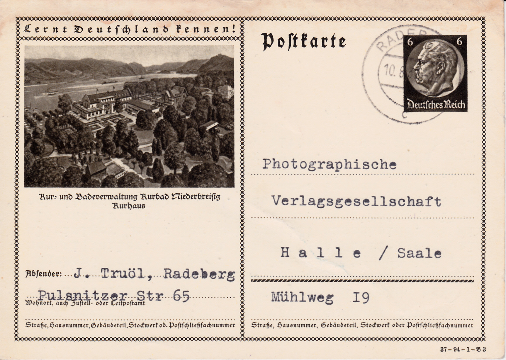 Es gibt für Bad Niederbreisig noch eine dritte Karte (Serie 94 Bild 3) im Jahrgang 1937. Sie zeigt ein Luftbild mit dem Kurhaus.
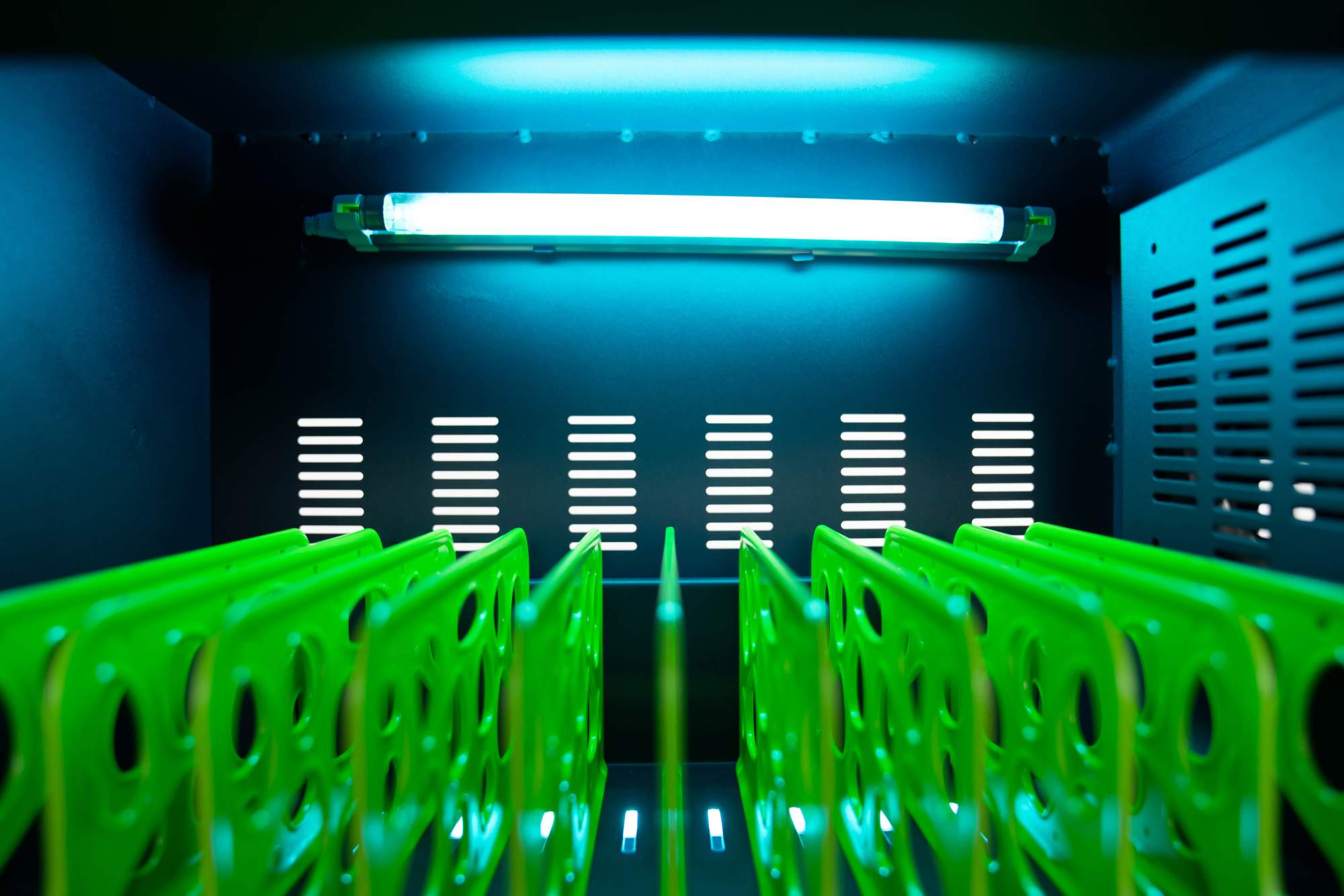 Eine in jeder Ladeebene angebrachte UV-C Lampe sorgt umweltfreundlich und ohne Chemie für sterilere Verhältnisse und eine verbesserte Hygiene. Die ausziehbaren und nummerierten Fächer dienen der einfachen Zuordnung der Geräte zu den einzelnen Nutzern und fassen jeweils ein bis zu 11“ großes Gerät (Fachabmessungen BxTxH: 2,75 x 31 x 20,7 cm).
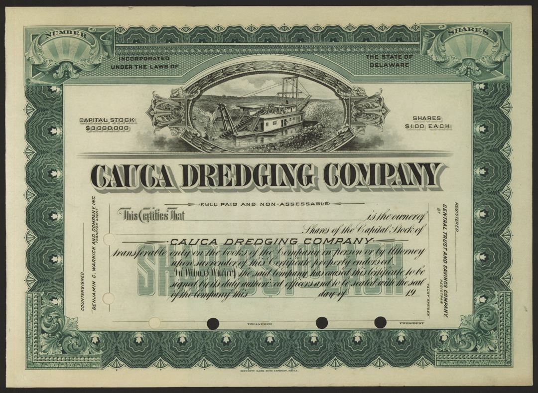 Colombia. (Inc. in Delaware), 19xx (1900-1910), Specimen Stock, Odd Shares, Black on green border and underprint, Dredging ship top center, Located on the Cauca River in Colombia. POC's, VF condition, SBNC.
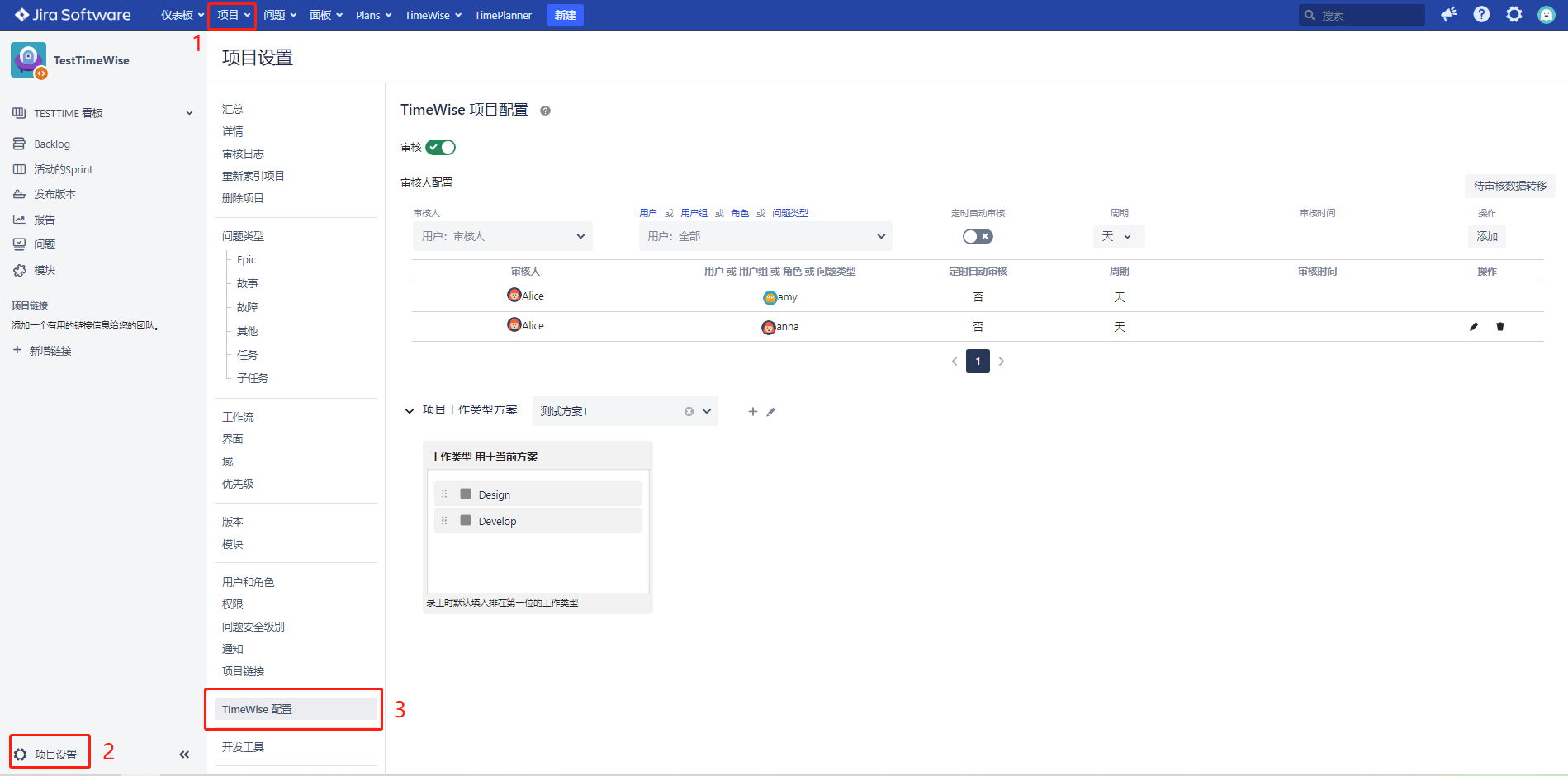 项目设置 >> TimeWise 配置:
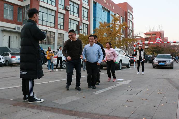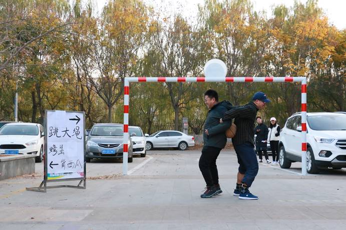 下午四点,趣味运动会正式开始。本次运动会设置了夹乒乓球、螃蟹背西瓜、萝卜蹲、跳大绳、踢毽子、单人跳绳、托球跑接力等七个趣味比赛项目。各比赛项目轻松有趣,将健身、娱乐融于一体,比赛项目既需要选手的个人能力,也考验团结协作能力,极大地激发了教职工们的热情。其中,"螃蟹背西瓜"充分考验了教职工之间的配合能力,背对背夹着篮球的教职工们快速地向终点冲击,在速度与平衡的角逐中不时传来阵阵的欢呼声。不同于课堂上谆谆教诲、传道授业的学者,在运动场地上,老师也展现出不输于员工的青春活力,现场呐喊声、欢呼声、鼓掌声跌宕起伏。
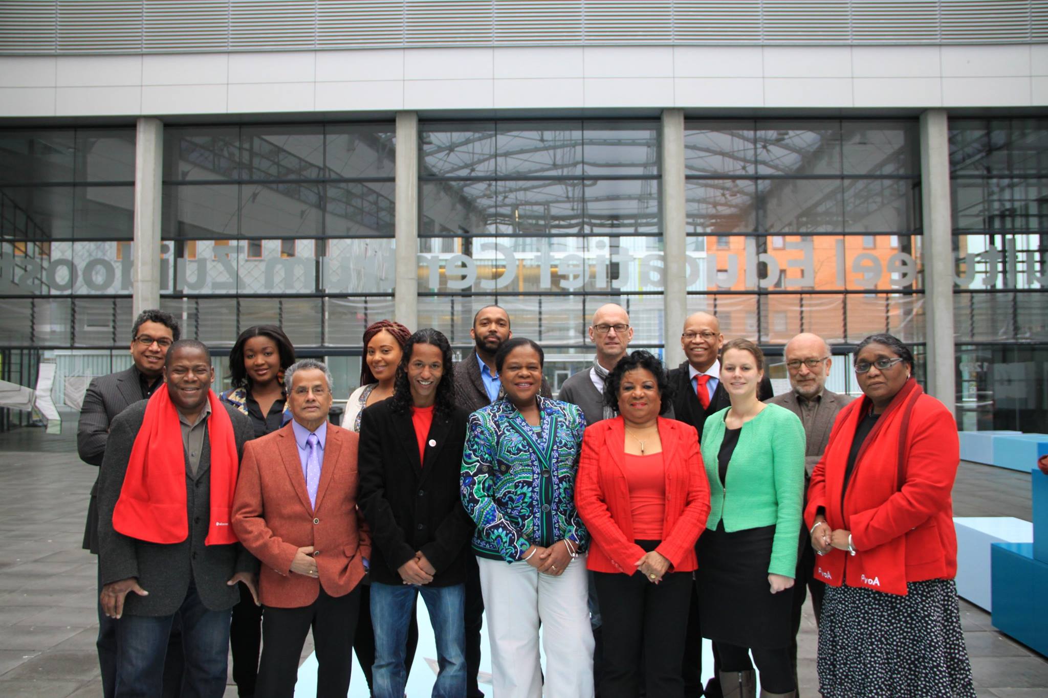 Er wapperde vanmorgen een reuze affiche van Angelo Bromet tegen een bak voor oude kleding. Leuker zijn groepsfoto’s van partijen op campagne. We hebben er een paar voor u. Van boven naar beneden: de VVD op de Poort, met in het oranje socialistenjasje Emile Jaensch; daaronder de ons volstrekt onbekende Politieke Partij Bijlmer, met in blauwe jas Jude Kehla van Platform Zuidoost, en links naast hem: Stefano van Delden van voorheen De Masterboys, die indirect in 2012 de val van Marcel la Rose inluidde; daaronder de PvdA, met 5 vrouwen + 8 mannen en Herrema, lustduwer en niet verkiesbaar: behoorlijk zwart, hoewel de zwarte kiezer niks meer van de PvdA moet hebben, zo lezen wij; en tot slot de Groen Links kandidaten voor de gemeenteraad, met 1x zwart, de energieke Simion Blom, die tot heden in onze deelraad zit, en 6 vrouwen op een totaal van 15.
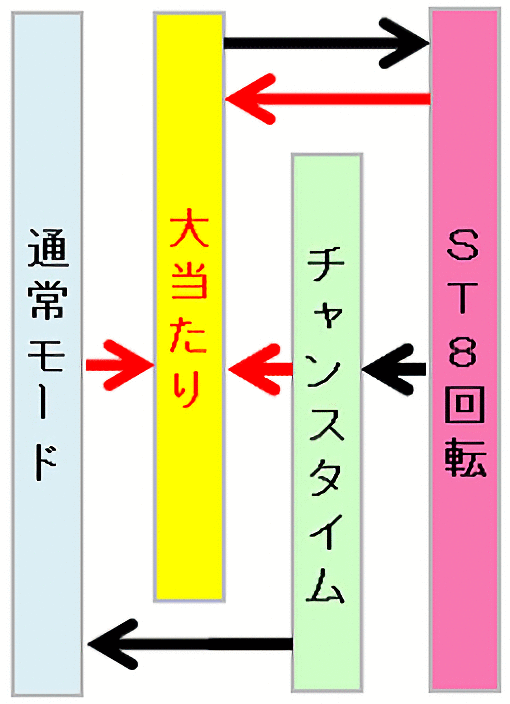 全ての大当り終了後には8回転のST(回数切り確変)に突入し、ST終了後は42回転の時短に移行する。
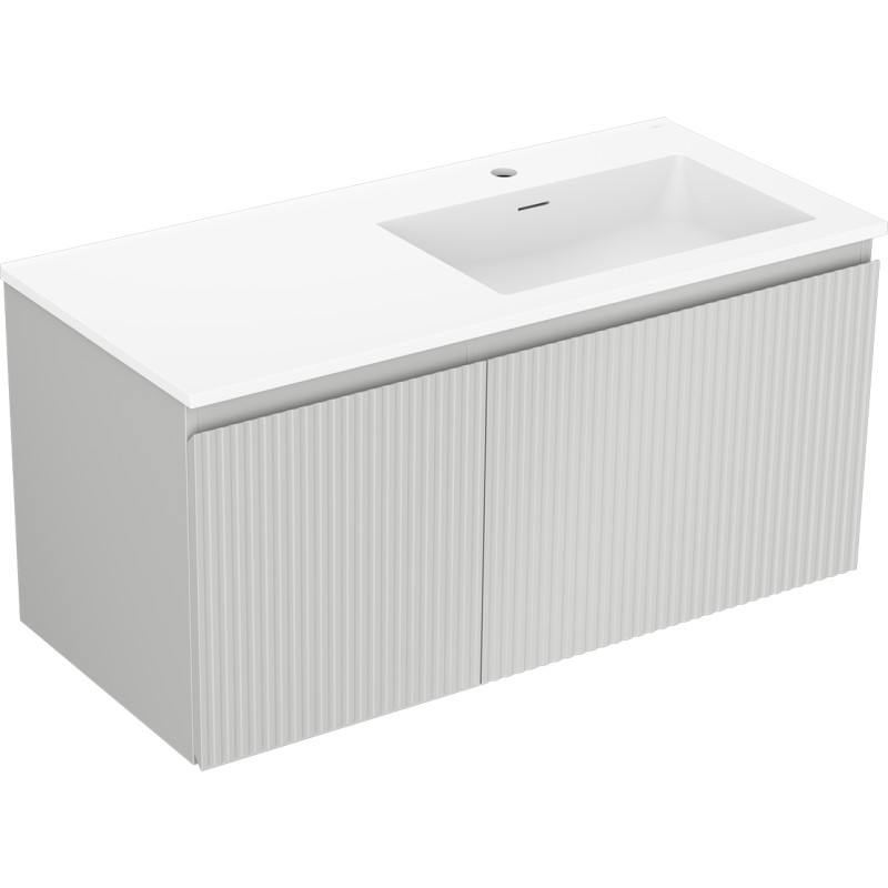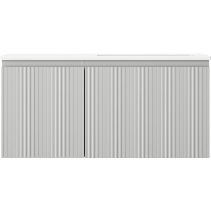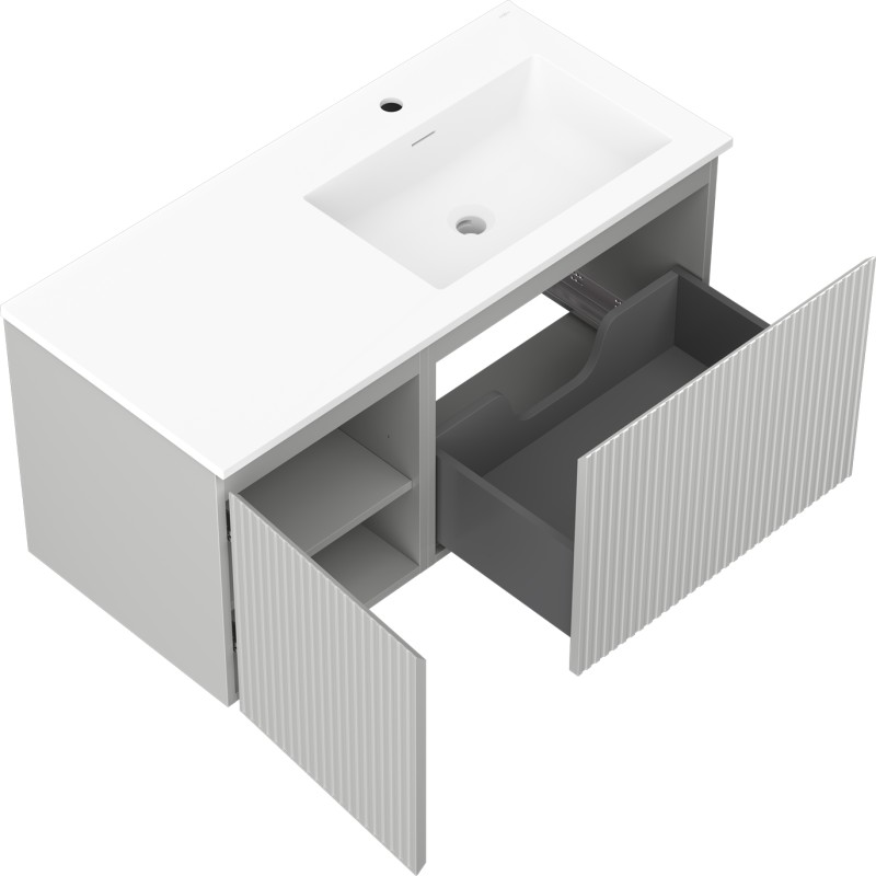 Špecifikácia produktu: Rozmery skrinky: Šírka: 100 cm Hĺbka: 46 cm Výška: 47 cm Sada obsahuje: Zásuvková skrinka pod umývadlo: Šírka: 60 cm Hĺbka: 46 cm Výška: 47 cm Farba korpusu: Matne šedá Materiál korpusu čelá: Lakovaná MDF doska Konštrukcia čela: Drážkovaná Počet zásuviek: 1 Priestranná zásuvka s funkciou tlmenia dovierania Povrch odolný proti UV žiareniu Skrinka pod umývadlo s dvierkami: Šírka: 40 cm Výška: 47 cm Hĺbka: 46 cm Farba korusta čelá: Matne šedá Materiál čela: Lakovaná MDF doska Konštrukcia čela: Drážkovaná Počet dvierok: 1 1 polica Panty s funkciou tlmenia dovierania Univerzálna montáž dvierok (ľavé/pravé) Povrch odolný proti UV žiareniu Umývadlo: Šírka: 101 cm Hĺbka: 101 cm Hĺbka umývadlá: Matne biela Materiál umývadla: Konglomerát Otvor na prepad: Áno Otvor na batériu: Áno Zmontovaný výrobok
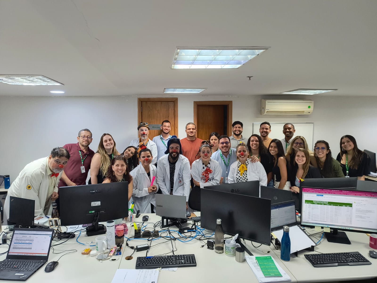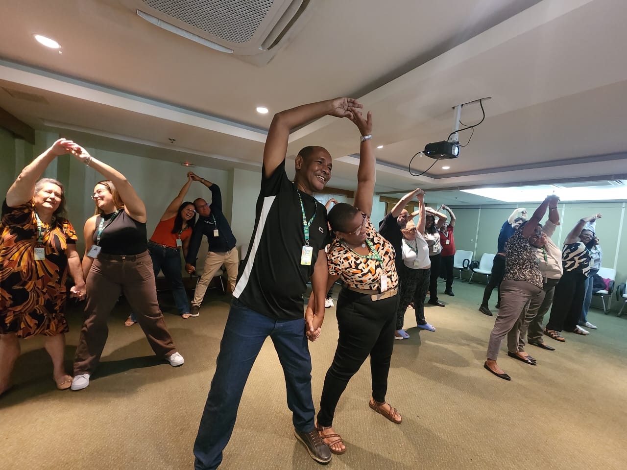 Ao longo da programação, a fisioterapeuta da operadora, Cintia Barreiros, realizou uma aula de alongamento com os dois grupos, com o objetivo de relaxar e melhorar a consciência corporal dos participantes. O cronograma foi planejado para estimular a criatividade e promover a interação. Uma novidade desta edição, foi a visita da Trupe CuradoRia, grupo de palhaçaria, que quinzenalmente visita o Hospital Unimed Ferj, e prestigiou nosso evento brincando com as crianças e adolescentes, percorrendo os setores e interagindo com os colaboradores.
+++++
Within the listing above, the lines starting at the one containing "Eine in jeder" and ending at the one containing "下午四点,趣味运动会正式开始" are to be returned exactly. Omit the pictures.

 Eine in jeder Ladeebene angebrachte UV-C Lampe sorgt umweltfreundlich und ohne Chemie für sterilere Verhältnisse und eine verbesserte Hygiene. Die ausziehbaren und nummerierten Fächer dienen der einfachen Zuordnung der Geräte zu den einzelnen Nutzern und fassen jeweils ein bis zu 11“ großes Gerät (Fachabmessungen BxTxH: 2,75 x 31 x 20,7 cm).
 Colombia. (Inc. in Delaware), 19xx (1900-1910), Specimen Stock, Odd Shares, Black on green border and underprint, Dredging ship top center, Located on the Cauca River in Colombia. POC's, VF condition, SBNC.
 项目设置 >> TimeWise 配置:
 下午四点,趣味运动会正式开始。本次运动会设置了夹乒乓球、螃蟹背西瓜、萝卜蹲、跳大绳、踢毽子、单人跳绳、托球跑接力等七个趣味比赛项目。各比赛项目轻松有趣,将健身、娱乐融于一体,比赛项目既需要选手的个人能力,也考验团结协作能力,极大地激发了教职工们的热情。其中,"螃蟹背西瓜"充分考验了教职工之间的配合能力,背对背夹着篮球的教职工们快速地向终点冲击,在速度与平衡的角逐中不时传来阵阵的欢呼声。不同于课堂上谆谆教诲、传道授业的学者,在运动场地上,老师也展现出不输于员工的青春活力,现场呐喊声、欢呼声、鼓掌声跌宕起伏。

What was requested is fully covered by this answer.